[About this task]
Exclude all images and print the entries below exactly.

Stored data

------------------------------

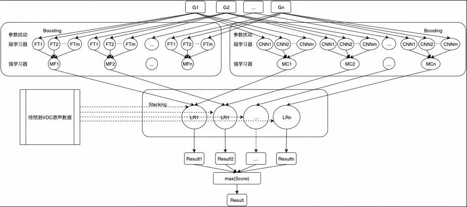 在stacking基学习器的内部采用Boosting集成方法,通过参数扰动,针对每个样本生成n个弱学习器队列,每个弱学习器队列中包含m个弱学习器,形成2个弱学习器矩阵。基于Boosting融合,最终得到两个强学习器队列分别为以下两个:
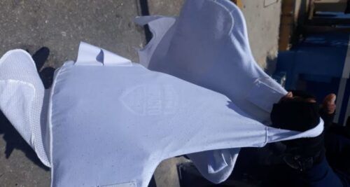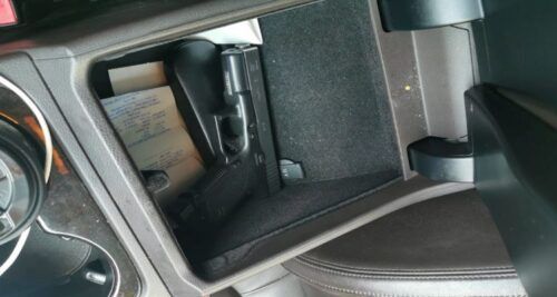 Debido a ello y bajo los principios que rigen la actuación policial citados en el artículo 21 de la Constitución Política de los Estados Unidos Mexicanos, procedieron a realizarle una inspección de seguridad a la que accedió de conformidad, encontrando en un compartimento ubicado en medio de los dos asientos delanteros, un arma corta color negro, un cargador con 9 cartuchos 9 mm y 2 cartuchos de 9 mm, asimismo se encontró en el asiento trasero, 2 chalecos color blanco y un radio de comunicación, al preguntarle si contaba con documentación que acreditara la legalidad del arma refirió que no, por lo que fue asegurado y puesto a disposición de la Fiscalía General de la República.
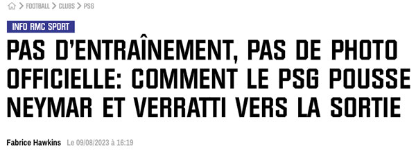 来源:直播车08-10 17:43直播车讯08月10日,来自法国知名媒体RMC的最新消息,法甲霸主巴黎圣日耳曼俱乐部已经告知内马尔、维拉蒂等5人,他们不在俱乐部一线队新赛季的计划中,大巴黎鼓励他们在这个转会窗就转会离开。大巴黎此举,大有要在今夏将“大清洗”进行到底的味道。
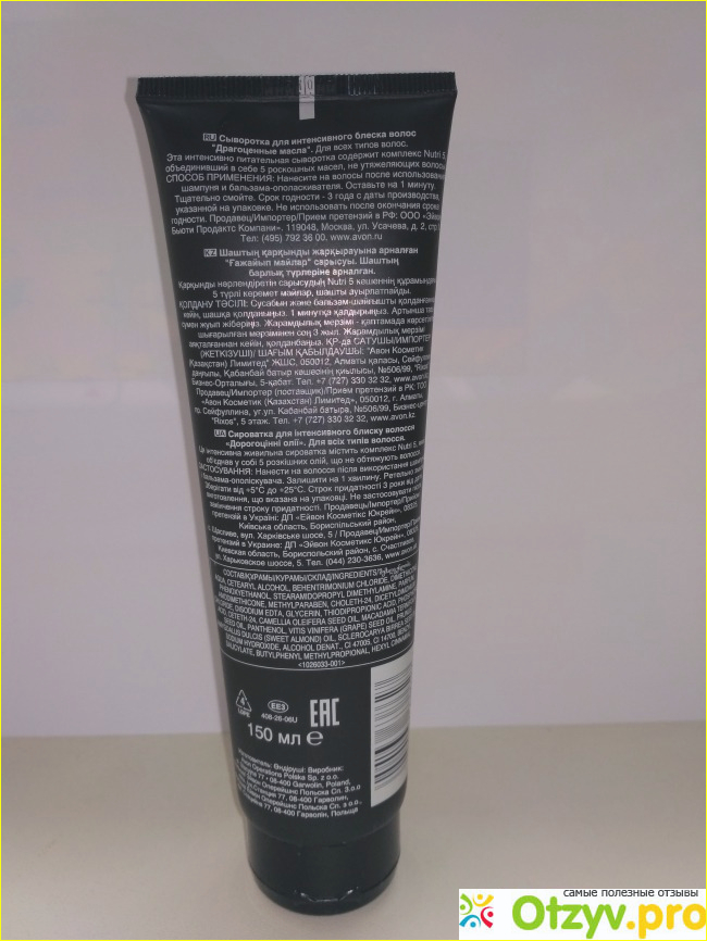 В последнем каталоге было интересное предложение выбрать их предложенных продуктов три и заплатить за них по 100 рублей. Я выбрала шампунь для блеска волос, «шоколадный» скраб для тела и эту сыворотку. Из всех выбранных мною продуктов этот самый дорогой.
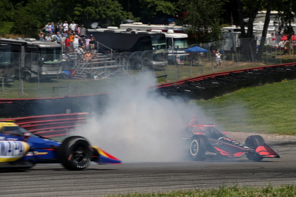 On the Lap 4 restart issues continued, Team Penske’s Will Power spun after contact in Turn 5 with Dixon. With nowhere to, Dale Coyne Racing with Vasser-Sullivan’s Ed Jones was collected as well. Both drivers would be done for the day.
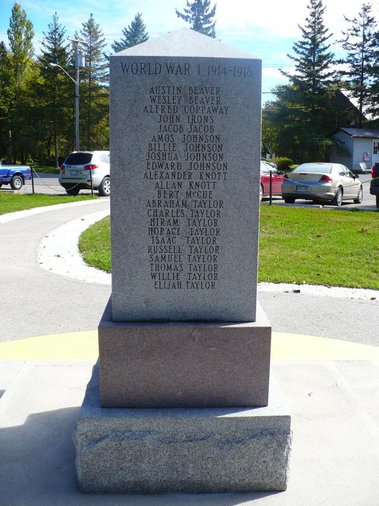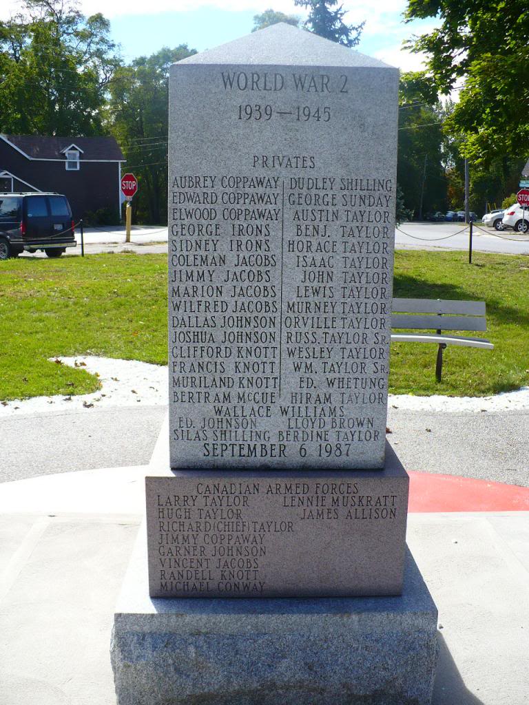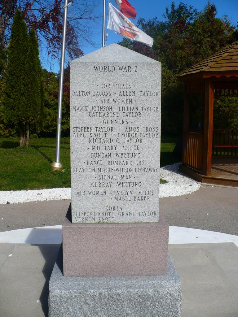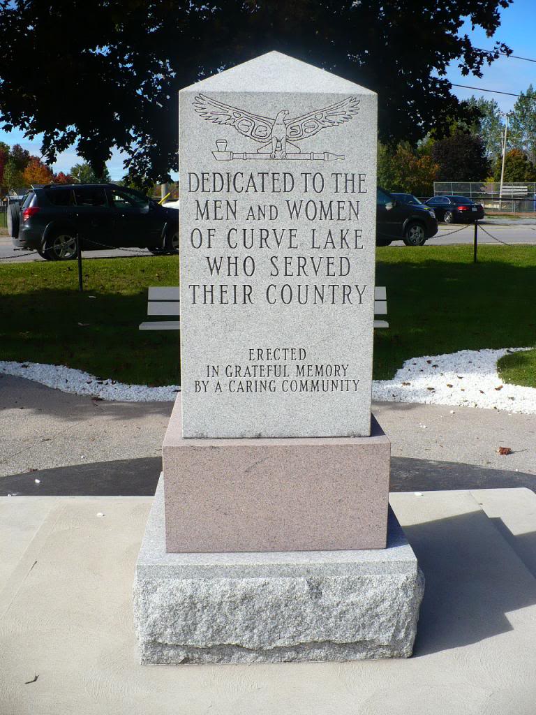 This cenotaph, a tribute to the members of the Curve Lake First Nation Band, who served in the major conflicts of the 1900's. It stands proudly in a small, well-kept park near the village centre. The ground surrounding the memorial is in the form of a medicine wheel, which gives great strength to the names engraved on this marker. Originally erected in 1987, it was updated and re-dedicated in 2011.
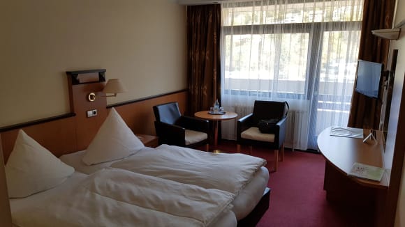 Doppelzimmer im 4.OG mit Blick auf Bad-Wildbad gemütlich modern eingerichtet
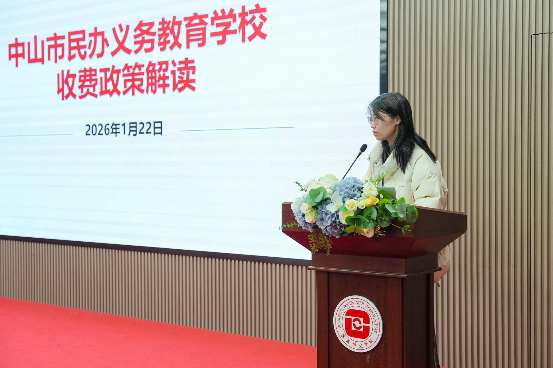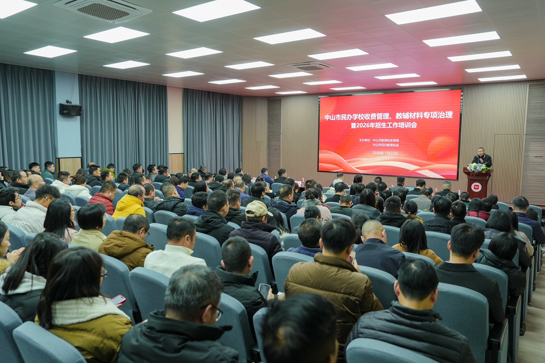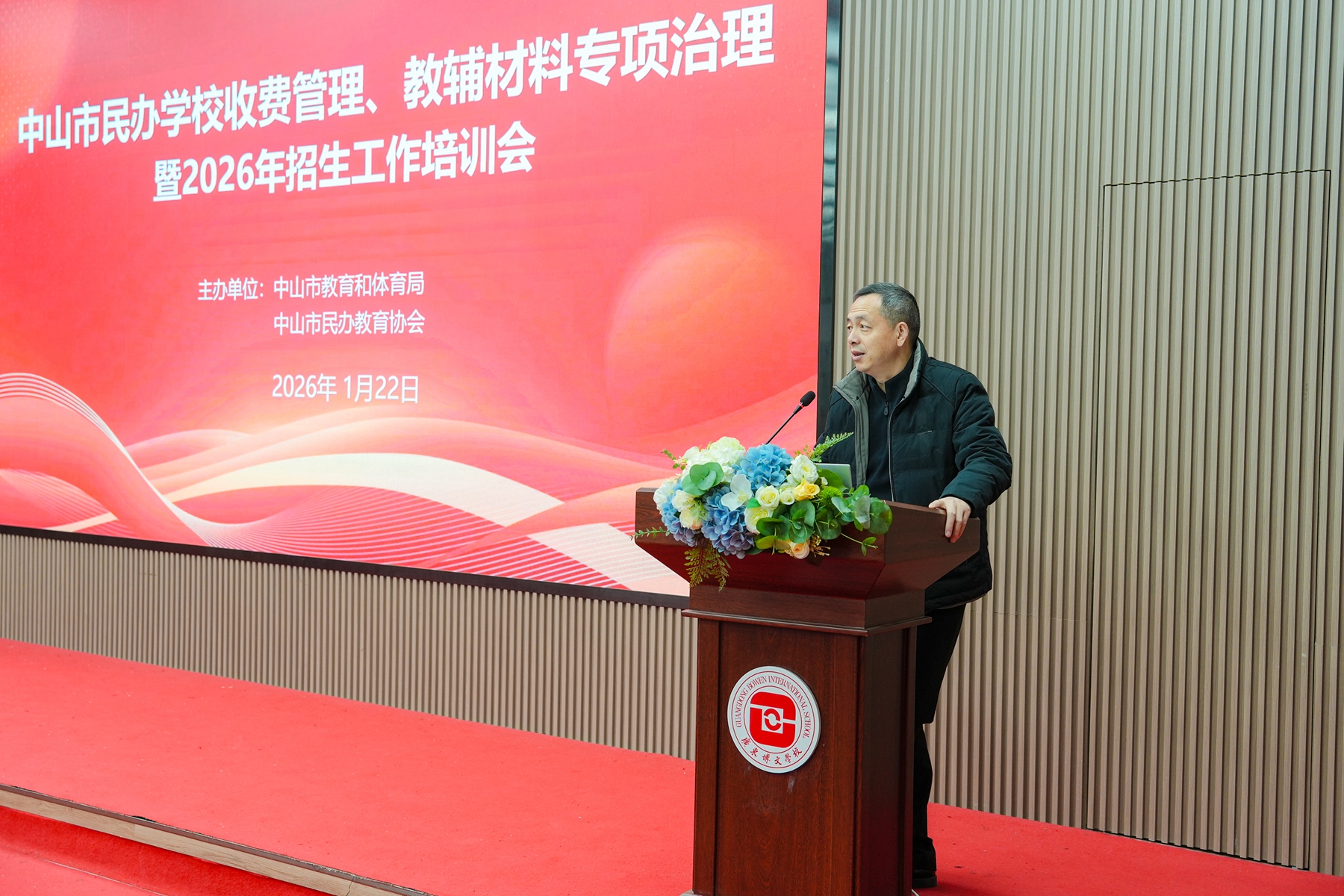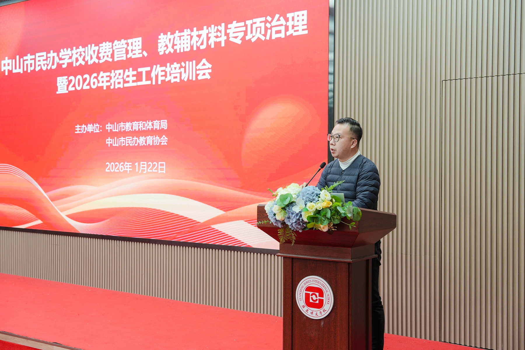 1月22日下午,由中山市教育和体育局、中山市民办教育协会主办的中山市民办学校收费、教辅材料专项治理暨2026年招生工作培训会在广东博文学校407报告厅顺利举行。市教育和体育局、市发展改革局、市民办教育协会相关领导出席会议,各镇街教育部门分管负责人、全市民办中小学校相关负责同志参会,共同聚焦规范管理与质量提升,谋划民办教育健康发展新篇章。

------------------------------

[Expected answer]
 在stacking基学习器的内部采用Boosting集成方法,通过参数扰动,针对每个样本生成n个弱学习器队列,每个弱学习器队列中包含m个弱学习器,形成2个弱学习器矩阵。基于Boosting融合,最终得到两个强学习器队列分别为以下两个:
 Debido a ello y bajo los principios que rigen la actuación policial citados en el artículo 21 de la Constitución Política de los Estados Unidos Mexicanos, procedieron a realizarle una inspección de seguridad a la que accedió de conformidad, encontrando en un compartimento ubicado en medio de los dos asientos delanteros, un arma corta color negro, un cargador con 9 cartuchos 9 mm y 2 cartuchos de 9 mm, asimismo se encontró en el asiento trasero, 2 chalecos color blanco y un radio de comunicación, al preguntarle si contaba con documentación que acreditara la legalidad del arma refirió que no, por lo que fue asegurado y puesto a disposición de la Fiscalía General de la República.
 来源:直播车08-10 17:43直播车讯08月10日,来自法国知名媒体RMC的最新消息,法甲霸主巴黎圣日耳曼俱乐部已经告知内马尔、维拉蒂等5人,他们不在俱乐部一线队新赛季的计划中,大巴黎鼓励他们在这个转会窗就转会离开。大巴黎此举,大有要在今夏将“大清洗”进行到底的味道。
 В последнем каталоге было интересное предложение выбрать их предложенных продуктов три и заплатить за них по 100 рублей. Я выбрала шампунь для блеска волос, «шоколадный» скраб для тела и эту сыворотку. Из всех выбранных мною продуктов этот самый дорогой.
 On the Lap 4 restart issues continued, Team Penske’s Will Power spun after contact in Turn 5 with Dixon. With nowhere to, Dale Coyne Racing with Vasser-Sullivan’s Ed Jones was collected as well. Both drivers would be done for the day.
 This cenotaph, a tribute to the members of the Curve Lake First Nation Band, who served in the major conflicts of the 1900's. It stands proudly in a small, well-kept park near the village centre. The ground surrounding the memorial is in the form of a medicine wheel, which gives great strength to the names engraved on this marker. Originally erected in 1987, it was updated and re-dedicated in 2011.
 Doppelzimmer im 4.OG mit Blick auf Bad-Wildbad gemütlich modern eingerichtet
 1月22日下午,由中山市教育和体育局、中山市民办教育协会主办的中山市民办学校收费、教辅材料专项治理暨2026年招生工作培训会在广东博文学校407报告厅顺利举行。市教育和体育局、市发展改革局、市民办教育协会相关领导出席会议,各镇街教育部门分管负责人、全市民办中小学校相关负责同志参会,共同聚焦规范管理与质量提升,谋划民办教育健康发展新篇章。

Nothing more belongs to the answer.